With the pictures left aside, write out exactly the lines of the listing below from the line with "- Sorter let" to the line with "Té chai agregado", both included, and only those.

Data listing:
┄┄┄┄┄┄
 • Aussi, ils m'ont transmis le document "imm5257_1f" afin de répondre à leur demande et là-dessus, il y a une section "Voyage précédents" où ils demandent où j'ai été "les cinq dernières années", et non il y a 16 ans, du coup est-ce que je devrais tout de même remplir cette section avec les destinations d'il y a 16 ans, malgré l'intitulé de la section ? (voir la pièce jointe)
┄┄┄┄┄┄
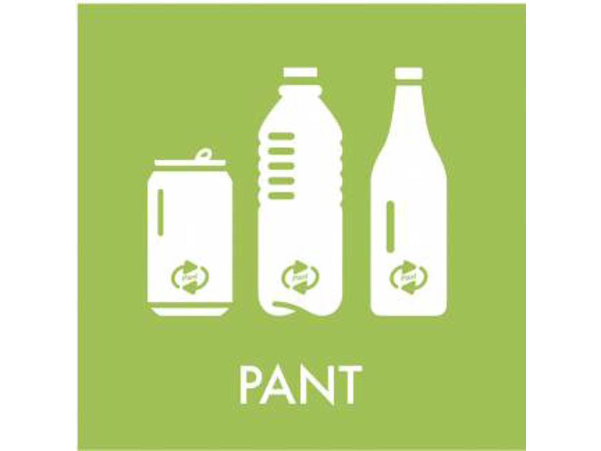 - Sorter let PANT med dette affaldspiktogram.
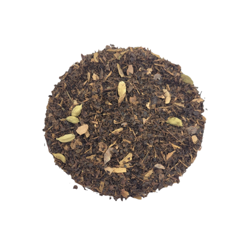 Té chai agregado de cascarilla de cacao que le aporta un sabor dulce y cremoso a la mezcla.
┄┄┄┄┄┄
Response area:
 - Sorter let PANT med dette affaldspiktogram.
 Té chai agregado de cascarilla de cacao que le aporta un sabor dulce y cremoso a la mezcla.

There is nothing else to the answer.